Problem details
Of the records that follow, copy only the lines from the line containing "Ce pull en maille" to the line containing "실내 체험(이론) 교육으로는", both included, exactly as written.

[Extracted information — start]

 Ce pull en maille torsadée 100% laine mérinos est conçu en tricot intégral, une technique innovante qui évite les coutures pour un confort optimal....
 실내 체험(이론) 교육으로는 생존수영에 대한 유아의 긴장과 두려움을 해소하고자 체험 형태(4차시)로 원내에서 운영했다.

[Extracted information — finish]
[Extracted information — start]

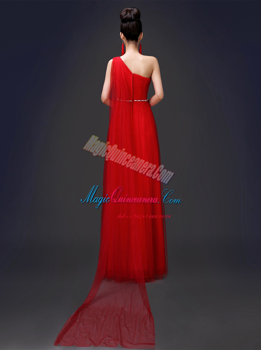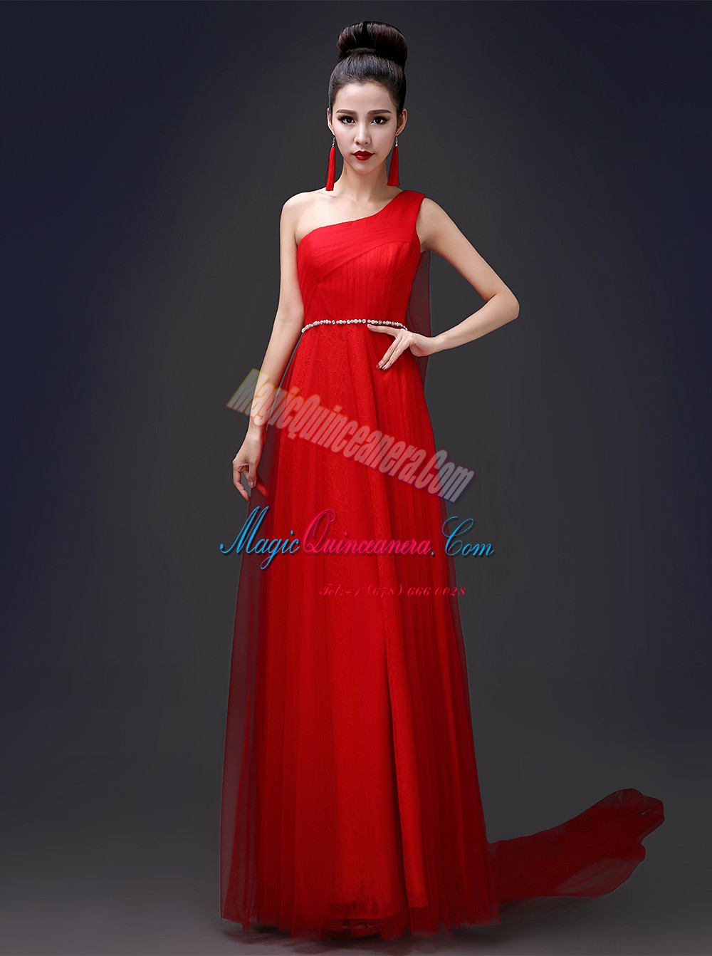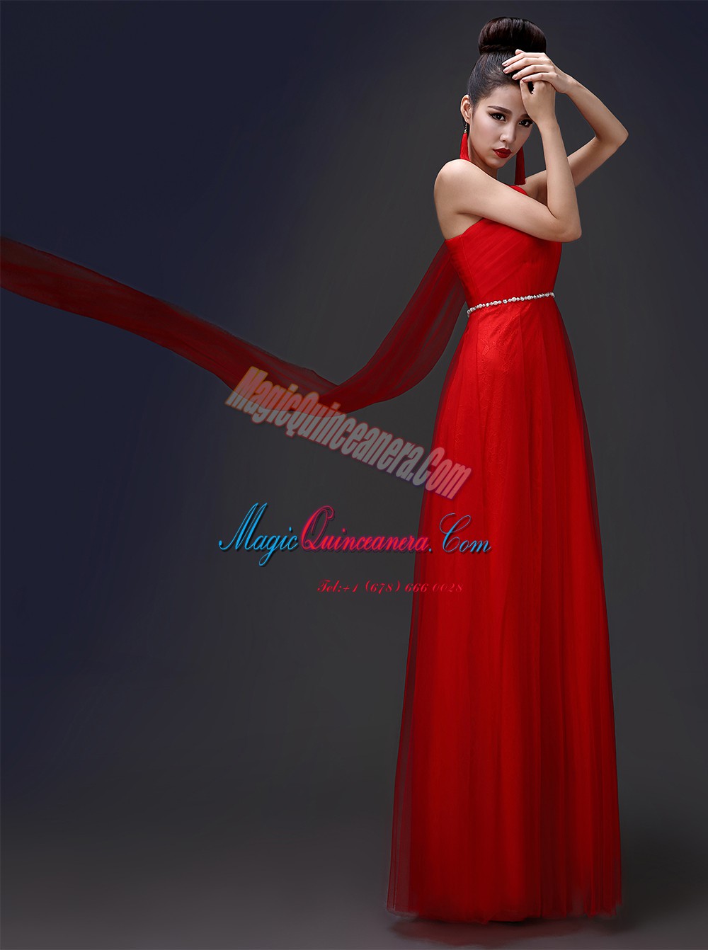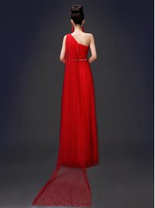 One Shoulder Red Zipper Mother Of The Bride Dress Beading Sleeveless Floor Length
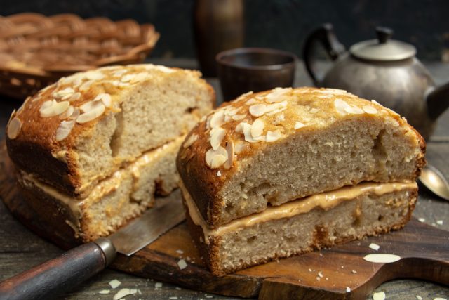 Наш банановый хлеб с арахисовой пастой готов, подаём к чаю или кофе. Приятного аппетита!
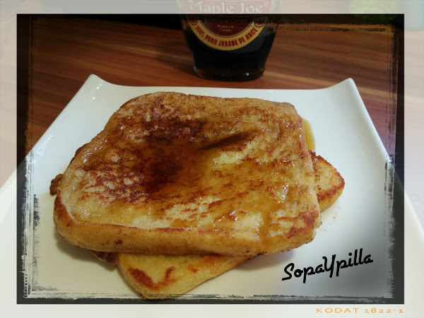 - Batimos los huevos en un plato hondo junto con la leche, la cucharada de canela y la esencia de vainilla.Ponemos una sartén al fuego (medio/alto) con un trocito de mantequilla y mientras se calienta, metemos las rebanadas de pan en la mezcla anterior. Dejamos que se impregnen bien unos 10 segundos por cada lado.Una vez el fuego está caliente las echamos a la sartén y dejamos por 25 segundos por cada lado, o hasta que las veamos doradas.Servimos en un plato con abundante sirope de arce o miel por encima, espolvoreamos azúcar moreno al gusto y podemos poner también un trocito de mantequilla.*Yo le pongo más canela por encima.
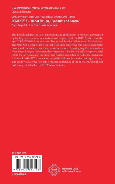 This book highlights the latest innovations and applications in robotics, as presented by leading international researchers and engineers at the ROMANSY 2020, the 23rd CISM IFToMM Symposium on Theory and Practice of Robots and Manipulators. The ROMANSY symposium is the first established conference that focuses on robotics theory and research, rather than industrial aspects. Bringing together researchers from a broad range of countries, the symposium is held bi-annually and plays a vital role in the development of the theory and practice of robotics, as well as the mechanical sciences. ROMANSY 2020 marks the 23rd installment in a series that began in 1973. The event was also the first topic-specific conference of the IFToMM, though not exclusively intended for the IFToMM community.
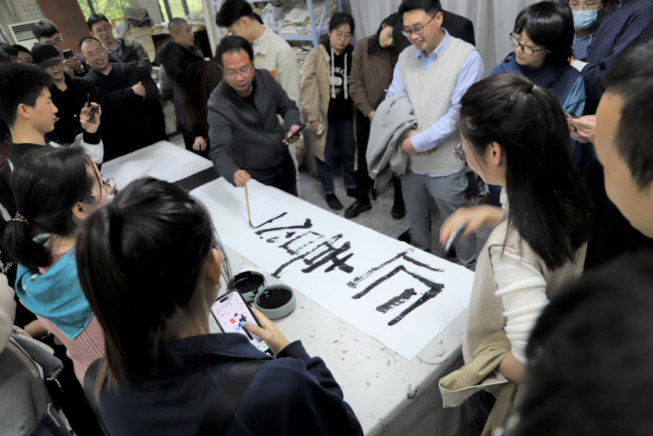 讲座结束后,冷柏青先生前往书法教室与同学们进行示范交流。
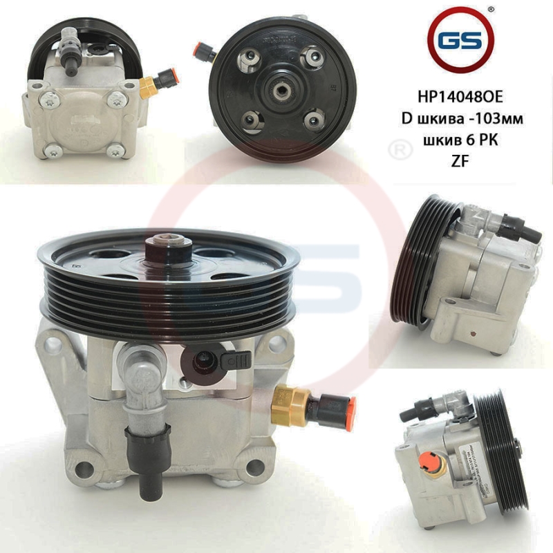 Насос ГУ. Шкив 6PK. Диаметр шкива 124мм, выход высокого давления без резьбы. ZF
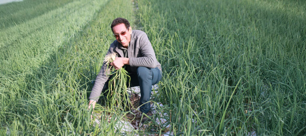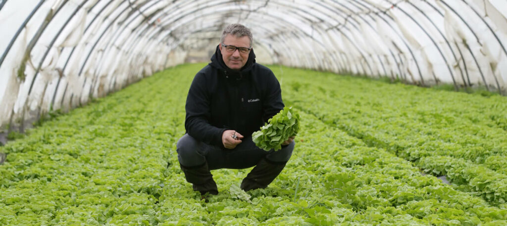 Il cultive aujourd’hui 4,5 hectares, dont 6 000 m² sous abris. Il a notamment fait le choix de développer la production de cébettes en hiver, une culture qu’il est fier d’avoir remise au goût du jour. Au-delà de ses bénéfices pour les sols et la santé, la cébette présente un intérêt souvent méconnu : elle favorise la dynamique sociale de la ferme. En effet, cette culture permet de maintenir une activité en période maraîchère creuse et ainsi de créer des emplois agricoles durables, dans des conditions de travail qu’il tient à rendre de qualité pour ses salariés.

[Extracted information — finish]
[Extracted information — start]

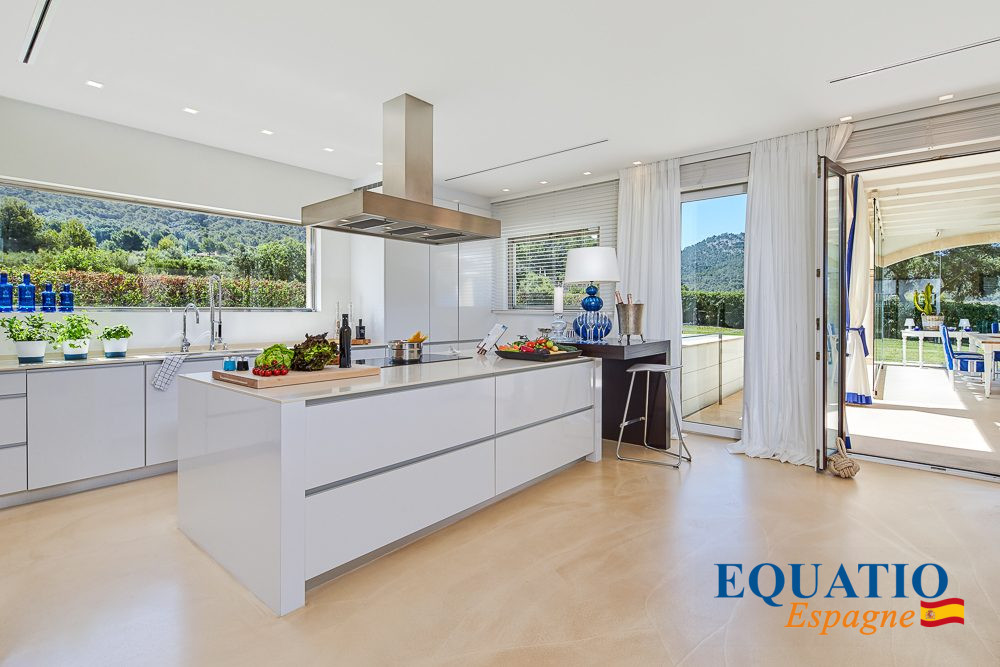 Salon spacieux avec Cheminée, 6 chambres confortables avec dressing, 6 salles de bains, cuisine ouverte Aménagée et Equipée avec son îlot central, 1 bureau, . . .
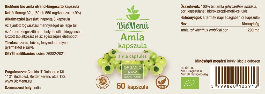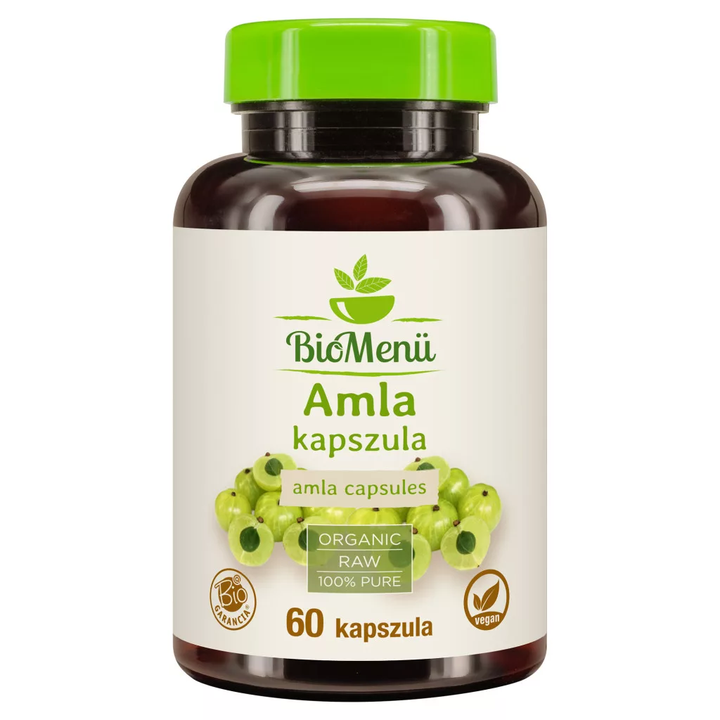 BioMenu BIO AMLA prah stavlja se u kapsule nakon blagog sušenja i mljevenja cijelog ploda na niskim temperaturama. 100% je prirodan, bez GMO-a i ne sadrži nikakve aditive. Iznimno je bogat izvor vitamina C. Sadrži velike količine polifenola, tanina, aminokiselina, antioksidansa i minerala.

[Extracted information — finish]

Result below
 Ce pull en maille torsadée 100% laine mérinos est conçu en tricot intégral, une technique innovante qui évite les coutures pour un confort optimal....
 실내 체험(이론) 교육으로는 생존수영에 대한 유아의 긴장과 두려움을 해소하고자 체험 형태(4차시)로 원내에서 운영했다.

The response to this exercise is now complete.